For quantification of β1 integrin and Rab11a colocalization, the Pearson correlation coefficient was analyzed using the Fluoview software (FV31S-SW, Olympus, Tokyo, Japan).
Flow cytometry
A549 cells collected via trypsinization at different time points after NZ washout were washed with cold PBS. Resultant cells (1 × 105 cells/sample) were stained with PE-conjugated β1 integrin antibody (1:100; #12-0299-42; eBioscience, San Diego, CA, USA) at 4 °C for 20 min. The samples were washed three times to remove unbound antibodies and fixed with cold 4% paraformaldehyde for 20 min. The mean fluorescence intensity of each sample was measured using a FACScan flow cytometer (BD, Franklin Lakes, NJ, USA).

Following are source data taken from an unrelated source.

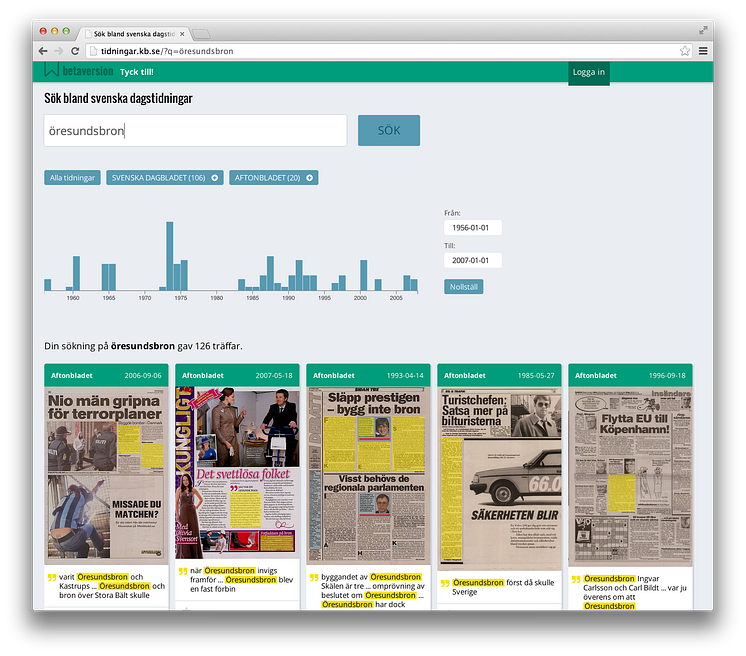 KB lanserar nu en beta-version av tjänsten. I den versionen finns hela Aftonbladets och Svenska dagbladets utgivning, från mitten av 1800-talet fram till i dag.
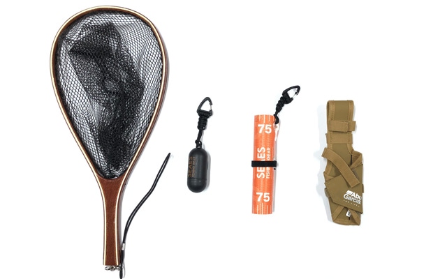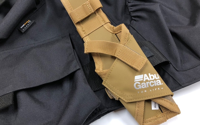 ロッドホルダーやフィッシュグリップ、フィッシングメジャーなどの小物を引っ掛けやすいような仕様にしています。針タイプのラインカッターもつけれます。
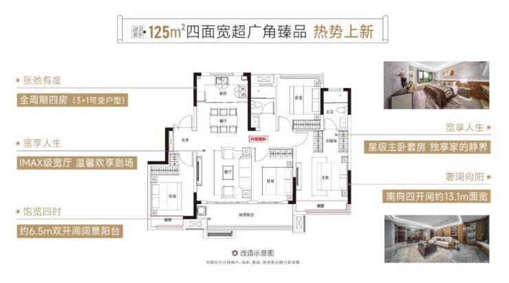 以更合理的空间、更具功能性的户型规划,建筑面积约125㎡四面宽超广角臻品热势上新,全周期四房一站式满足二人世界、三口之家、三代同堂等不同家庭结构改善所需,代言经开改善。
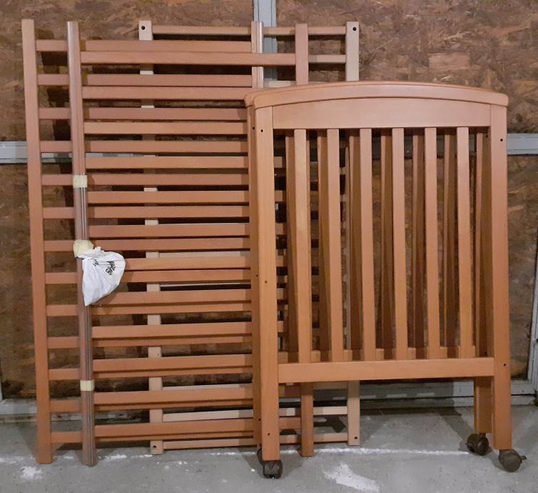 Jako očuvani vrlo jednostavan i praktičan kinderbet sa kotačićima i mogućnosti spuštanja stranice. Prodajem bez madraca. dimenzije za madrac 120 cm x 60 cm.
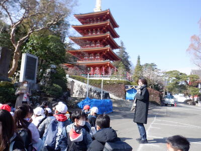 1月に「下見」として高幡不動尊の見学(詳しくは、こちら)をした3年生。
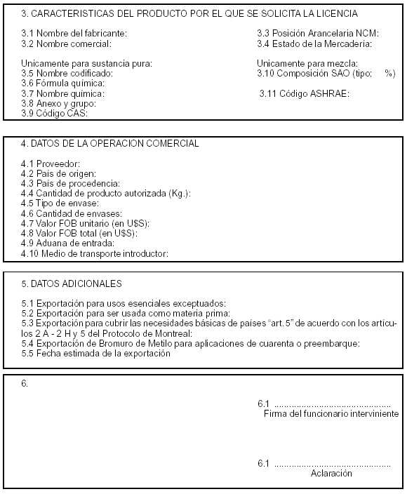 Anexo VII: Instructivo para la solicitud de licencia 1. Los interesados en realizar una solicitud de licencia deberán acceder a la pantalla de entrada al Sistema de Licencias SAO (por intermedio del link ubicado en la página web de la SECRETARIA DE AMBIENTE Y DESARROLLO SUSTENTABLE o bien escribiendo en la barra de direcciones de su explorador la dirección de la página de entrada). Una vez allí ingresarán utilizando el nombre de usuario y clave de acceso suministrados vía email al momento del alta. 2. Realizado el ingreso, el sistema mostrará el perfil (transacciones habilitadas) para el usuario. Seleccionando la opción "Solicitud de licencia" se accede a las pantallas que permiten cargar los datos de una solicitud. 3. Estas pantallas están divididas en dos marcos: el de la izquierda permite el ingreso de datos mientras que el de la derecha permite visualizar todos los datos cargados y proceder a su modificación si fuera necesario. 4. En la primera pantalla, en el marco de la izquierda, se presentan los datos del interesado que figuran en el registro del sistema y se presenta un menú desplegable para que se opte por el tipo de solicitud que se desea realizar. 5. A continuación se presenta una pantalla que permite ingresar las características del producto para el que se solicita licencia, debiendo indicarse: a) Nombre del fabricante b) Nombre comercial c) Posición Arancelaria d) Estado de la mercadería e) Si se trata de una sustancia pura o una mezcla (por medio de un menú desplegable) Si se elige "sustancia pura" la siguiente pantalla que se presenta permite ingresar los datos relativos a: f) Nombre codificado, el cual se selecciona por intermedio de un menú desplegable que contiene todos los nombres codificados de las sustancias controladas mencionadas en los Anexos V y VI de la presente resolución (automáticamente al realizar una selección de sustancia el sistema cargará y mostrará en pantalla la fórmula química y el nombre químico asociado así como el Anexo-Grupo del Protocolo de Montreal al cual pertenece la SAO) g) Código CAS Si se elige "mezcla" el sistema presentará una pantalla que permite ingresar los datos relativos a: h) Código ASHRAE (si lo tuviera). i) Nombre codificado del componente de la mezcla, el cual se selecciona por intermedio de un menú desplegable que contiene todos los nombres codificados de las sustancias controladas mencionadas en los Anexos V y VI de la presente resolución (automáticamente al realizar una selección de sustancia el sistema cargará y mostrará en pantalla la fórmula química y el nombre químico asociado así como el Anexo-Grupo del Protocolo de Montreal al cual pertenece la SAO). j) La parte porcentual del componente ingresado en la mezcla. k) Si la mezcla para la cual se solicita licencia tuviera más de un componente el solicitante podrá cargar los mismos por intermedio del link destinado a cargar otro componente de la mezcla. 6. A continuación el sistema permite cargar los datos de la operación comercial: a) Proveedor b) País de origen (para solicitudes de licencia de importación) o País de destino (para solicitudes de licencia de exportación) c) País de procedencia d) Cantidad de producto que se solicita autorizar, expresada en Kilogramos (Kg.) e) Tipo de envase f) Cantidad de envases g) Valor FOB unitario expresado en U$S h) Valor FOB total expresado en U$S i) Aduana de entrada (para solicitudes de licencia de importación) o Aduana de salida (para solicitudes de licencia de exportación) j) Medio de transporte introductor 7. Finalmente se presenta una pantalla para la carga de datos adicionales. Para el caso de solicitudes de licencia de importación éstos son: a) La indicación de si se trata una importación para uso crítico (esencial), la cual será seleccionable únicamente para aquellos importadores que hubieran sido habilitados para operar bajo tal modalidad. b) Uso final u objeto de la importación, el cual será seleccionable desde un menú desplegable. c) Domicilio de almacenaje del producto d) Fecha estimada de la importación Para el caso de solicitudes de licencia de exportación estos datos serán: e) Indicación de si se trata de una exportación para usos esenciales exceptuados f) Indicación de si se trata de una exportación para ser usada como materia prima g) Indicación de si se trata de una exportación para cubrir las necesidades básicas de países "art. 5" de acuerdo con los artículos 2ª-2H y 5 del Protocolo de Montreal h) Indicación de si se trata de una exportación de bromuro de metilo para aplicaciones de cuarentena o preembarque (esta opción se habilitará únicamente en caso que la sustancia elegida anteriormente hubiera sido bromuro de metilo). 1. Estas indicaciones se realizarán por intermedio de un menú desplegable que tiene únicamente dos opciones "SI" y "NO", encontrándose todas ellas configuradas en "NO" al acceder a la pantalla. En caso de que el solicitante no cuente con la información suficiente para realizar estas indicaciones deberá dejarlas en "NO". i. Fecha estimada de la exportación 8. Finalizada la carga de datos y aceptada la solicitud el sistema mostrará un mensaje de salida con la indicación de que el interesado recibirá un email en la dirección de correo electrónico especificada al momento de la registración para que pueda acceder al formulario de solicitud de licencia. El formato del email aludido será: Asunto: Trámite de solicitud de licencias de SAO Texto: Por medio del presente le hacemos llegar la confirmación del trámite de solicitud de licencia de SAO. Utilice el siguiente botón para acceder al formulario de solicitud que deberá guardar en su computadora e imprimir a fin de presentar ante las autoridades correspondientes. Ayuda: ¿Cómo visualizar e imprimir el formulario? Ayuda: ¿Cómo guardar el formulario en su computadora?

Tumor formation in nude mice
Nude mice used in this study were treated following the experimental animal ethics guidelines issued by the China Medical University. Four-week-old female BALB/c nude mice were purchased from Slac (Shanghai, China) and were maintained in a laminar-flow cabinet under specific pathogen-free conditions for one week before use. Each mouse was inoculated subcutaneously in the right axilla with 1 × 107 tumor cells (selected by G418) in 0.2 mL sterile phosphate-buffered saline. Four weeks after axilla inoculation, the mice were euthanized, and necropsies were performed to examine tumor growth.
Statistical analyses
The relationships between TSPAN3 expression and clinicopathological factors and d β1 integrin were statistically analyzed and tested using the chi-squared test. The association between TSPAN3 expression and the prognosis of NSCLC patients was analyzed using both Kaplan–Meier and Cox proportional hazards models. All statistical analyses were performed using the SPSS 17.0 software (SPSS, Inc., Chicago, IL, USA). Differences between two groups were analyzed using a paired Student's t-test using Prism 6.0 (GraphPad Software, San Diego, CA, USA). P-values < 0.05 were considered significant.